On 11 December, the mayor of Predappio, Frassineti, had a direct confrontation with Milo Gori, provincial president of the ANPI, in a debate broadcast live on TV in the Mussolini crypt, an act that aroused the indignation of Mussolini's niece, Alessandra, expressing how much the affair was raising family and historical tensions. On 12 December, MP Lara Ricciatti (Mdp, a left-wing formation) submitted a parliamentary question to the Chamber's Culture Commission, raising further questions about the project and its consistency with the treatment of the fascist past in Italy.

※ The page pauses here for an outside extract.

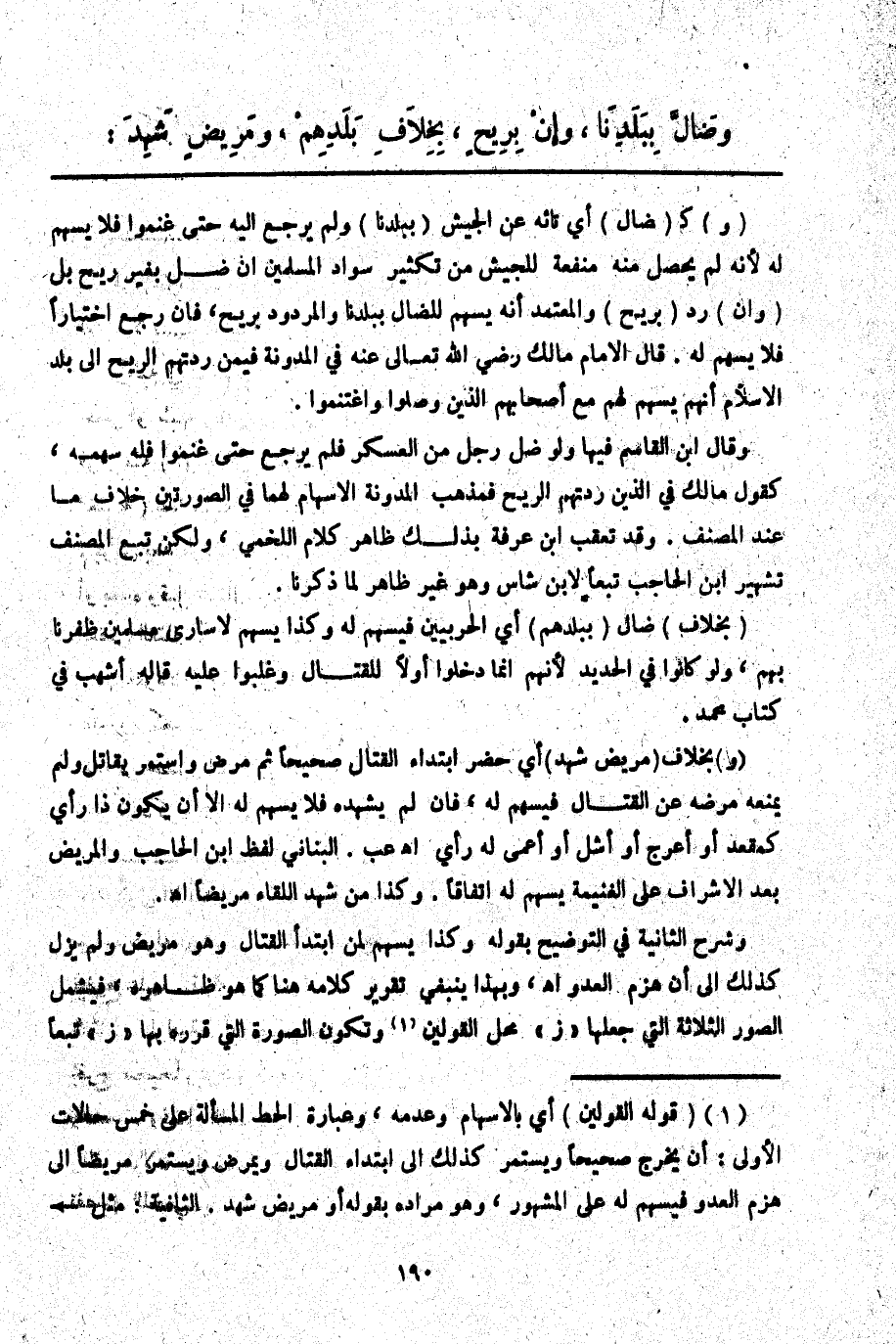 وَشَرَحَ الثَّانِيَةَ فِي التَّوْضِيحِ بِقَوْلِهِ وَكَذَا يُسْهَمُ لِمَنْ ابْتَدَأَ الْقِتَالَ وَهُوَ مَرِيضٌ وَلَمْ يَزَلْ كَذَلِكَ إلَى أَنْ هُزِمَ الْعَدُوُّ. اهـ. وَبِهَذَا يَنْبَغِي تَقْرِيرُ كَلَامِهِ هُنَا كَمَا هُوَ ظَاهِرُهُ، فَيَشْمَلُ الصُّوَرَ الثَّلَاثَةَ الَّتِي جَعَلَهَا " ز " مَحَلَّ الْقَوْلَيْنِ وَتَكُونُ الصُّورَةُ الَّتِي قَرَّرَهُ بِهَا " ز " تَبَعًا

29 December saw another important confrontation, this time between Paolo Pezzino, historian and former signatory of the manifesto against the museum, and Flores. Pezzino admitted that he had changed his mind, criticising the choice of the Predappo location, which he considered insignificant in terms of fascism and potentially problematic in terms of public order. Flores reiterated that the main intention was to explain how Italian society had adapted to fascism and that the museum was intended to be a place of historical confrontation, rather than a commemorative initiative.
The motivations in favour of the project were many and involved various levels of discussion. The mayor of Predappio, insisted on the need to contest public spaces with nostalgic memory and pro-fascist fluff, making 'knowing and telling' his mantra. In this, he tried to broaden the discourse to the need for Italy to elaborate on its past, proposing culture as a tool to face European challenges and the prevalence of nationalism. However, this position has been interpreted by some critics as a tourism marketing move, with the intention of turning Predappio into a commercial destination, rather than a centre for historical reflection.
Some observers, such as Wu Ming, have pointed out that the proposal runs the risk of flanking rather than replacing nostalgia, a criticism rooted in the fear that the museum might reinforce commonplaces linked to fascist memory, rather than dismantle them. Lorenzo Ferrari, in his article for Il Post (2 June 2016), criticised the mayor's approach, observing that 'you don't build a national museum because a mayor doesn't know what to do with a building', questioning the real motivations behind the initiative.
On the other hand, the Emilia Romagna region stated that it wanted to tackle the memory of fascism with a project that was neither celebratory nor exclusively conservative, but with a broad European cultural intent. Giulia Albanese suggested that a better solution would have been the creation of a network of memory places in Emilia Romagna, rather than focusing on a single museum.
Finally, the group of historians supporting the project, including Flores, wished to make the distinction between history and memory, stating that only a quality cultural operation could avoid the risks of removal and nostalgia. Flores insisted on the need to approach fascism with a historical approach free of ideological prejudices and open to the use of new languages.
In 2020, the new municipal administration announced its intention to transform the former Casa del Fascio into a centre dedicated to local history, downsizing the initial idea of a national museum of fascism.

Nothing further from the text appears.